▶ _What you are asked to do_:
As the answer, set down the lines below from the one containing "adidas Essentials 三線" through the one containing "Stylish Name Maker", exactly and inclusively, and no others.

▶ _Exercise input_:
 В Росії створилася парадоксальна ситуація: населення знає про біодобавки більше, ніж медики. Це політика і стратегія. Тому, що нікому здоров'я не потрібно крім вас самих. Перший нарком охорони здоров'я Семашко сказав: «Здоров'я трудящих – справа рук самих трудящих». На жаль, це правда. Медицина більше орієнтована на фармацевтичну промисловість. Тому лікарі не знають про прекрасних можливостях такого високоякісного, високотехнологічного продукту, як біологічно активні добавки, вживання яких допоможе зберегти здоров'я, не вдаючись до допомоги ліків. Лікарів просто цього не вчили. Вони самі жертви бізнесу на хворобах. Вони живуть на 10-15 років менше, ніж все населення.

...

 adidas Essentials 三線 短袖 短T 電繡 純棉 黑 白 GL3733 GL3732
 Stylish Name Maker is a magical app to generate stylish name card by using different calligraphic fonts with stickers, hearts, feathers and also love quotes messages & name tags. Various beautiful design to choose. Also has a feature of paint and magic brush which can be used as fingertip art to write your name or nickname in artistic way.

==

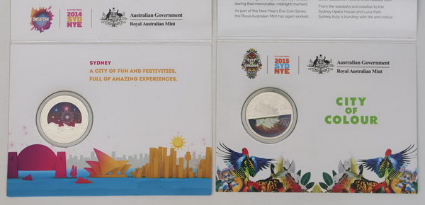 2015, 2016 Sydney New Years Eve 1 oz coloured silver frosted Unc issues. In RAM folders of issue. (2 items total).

▶ _Solution to the problem_:
 adidas Essentials 三線 短袖 短T 電繡 純棉 黑 白 GL3733 GL3732
 Stylish Name Maker is a magical app to generate stylish name card by using different calligraphic fonts with stickers, hearts, feathers and also love quotes messages & name tags. Various beautiful design to choose. Also has a feature of paint and magic brush which can be used as fingertip art to write your name or nickname in artistic way.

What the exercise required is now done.